===== DATA EXTRACT

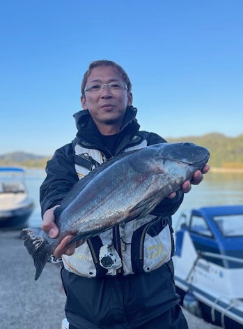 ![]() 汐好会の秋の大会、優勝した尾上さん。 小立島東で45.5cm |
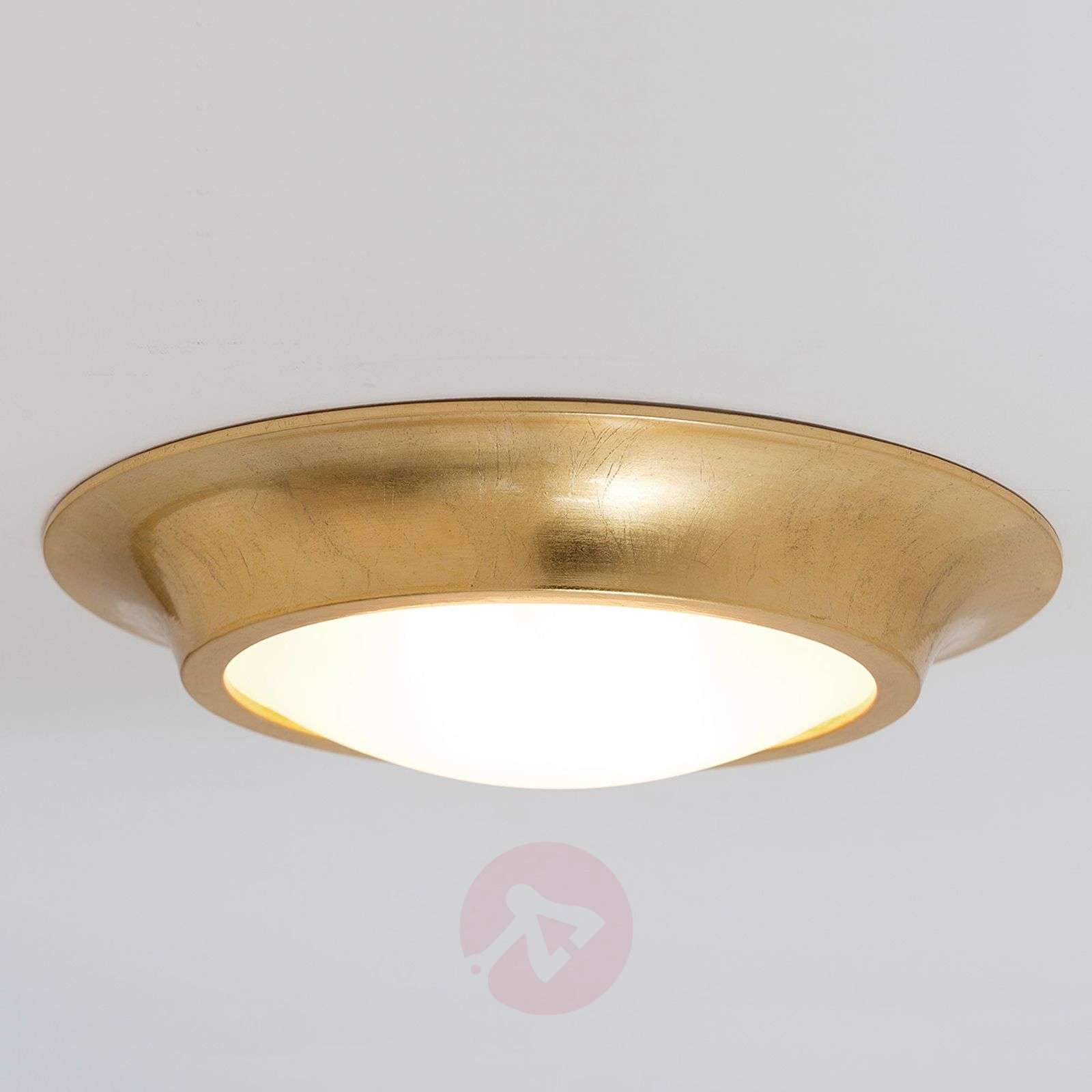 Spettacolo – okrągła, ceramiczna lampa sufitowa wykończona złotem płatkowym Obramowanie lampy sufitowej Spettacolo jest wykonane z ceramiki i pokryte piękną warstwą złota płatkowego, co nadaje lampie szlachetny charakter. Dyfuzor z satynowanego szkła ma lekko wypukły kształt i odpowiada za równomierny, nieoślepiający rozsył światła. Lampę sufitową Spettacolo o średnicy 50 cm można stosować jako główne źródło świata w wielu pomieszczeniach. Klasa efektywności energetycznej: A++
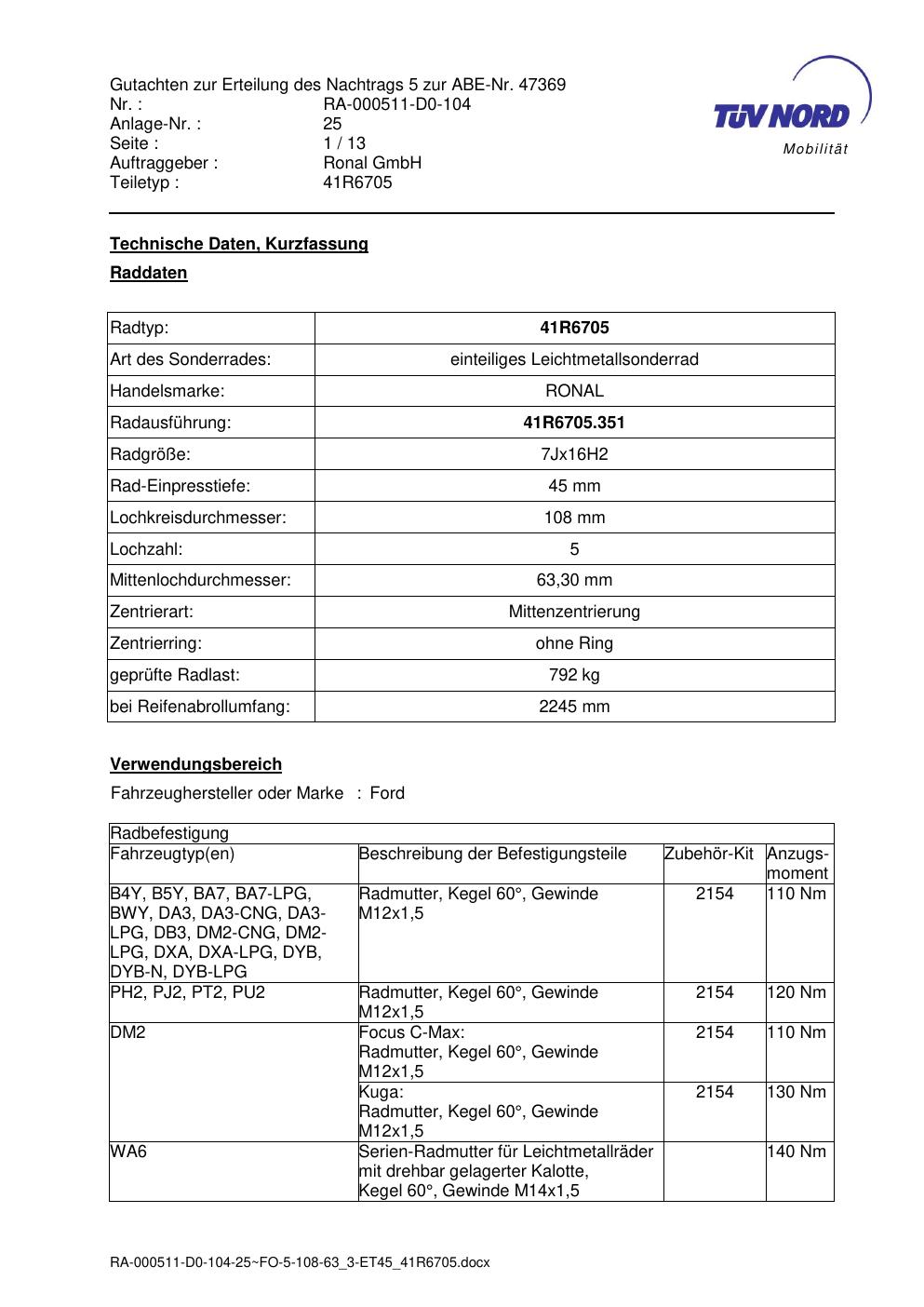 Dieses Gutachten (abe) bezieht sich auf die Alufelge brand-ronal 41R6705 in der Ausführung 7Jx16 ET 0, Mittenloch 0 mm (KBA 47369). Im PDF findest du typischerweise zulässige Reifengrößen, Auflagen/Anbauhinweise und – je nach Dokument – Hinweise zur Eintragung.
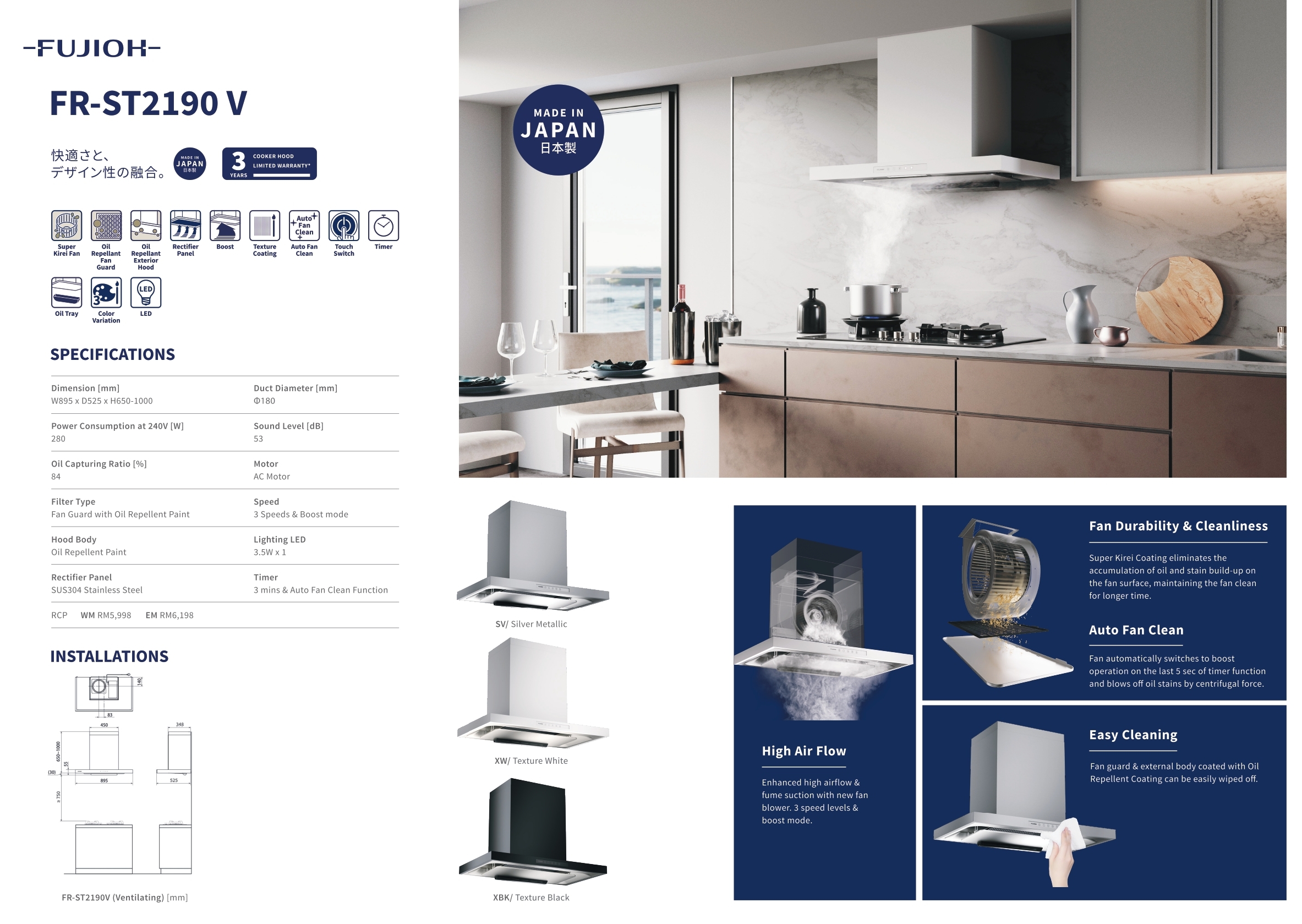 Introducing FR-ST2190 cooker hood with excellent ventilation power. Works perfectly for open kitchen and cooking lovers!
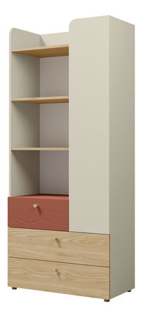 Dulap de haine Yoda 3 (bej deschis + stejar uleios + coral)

==========

ASSIGNMENT: Reproduce all of the entries exactly as they appear, though any picture they include must be omitted.

RESULT OF THE TASK:
 ![]() 汐好会の秋の大会、優勝した尾上さん。 小立島東で45.5cm |
 Spettacolo – okrągła, ceramiczna lampa sufitowa wykończona złotem płatkowym Obramowanie lampy sufitowej Spettacolo jest wykonane z ceramiki i pokryte piękną warstwą złota płatkowego, co nadaje lampie szlachetny charakter. Dyfuzor z satynowanego szkła ma lekko wypukły kształt i odpowiada za równomierny, nieoślepiający rozsył światła. Lampę sufitową Spettacolo o średnicy 50 cm można stosować jako główne źródło świata w wielu pomieszczeniach. Klasa efektywności energetycznej: A++
 Dieses Gutachten (abe) bezieht sich auf die Alufelge brand-ronal 41R6705 in der Ausführung 7Jx16 ET 0, Mittenloch 0 mm (KBA 47369). Im PDF findest du typischerweise zulässige Reifengrößen, Auflagen/Anbauhinweise und – je nach Dokument – Hinweise zur Eintragung.
 Introducing FR-ST2190 cooker hood with excellent ventilation power. Works perfectly for open kitchen and cooking lovers!
 Dulap de haine Yoda 3 (bej deschis + stejar uleios + coral)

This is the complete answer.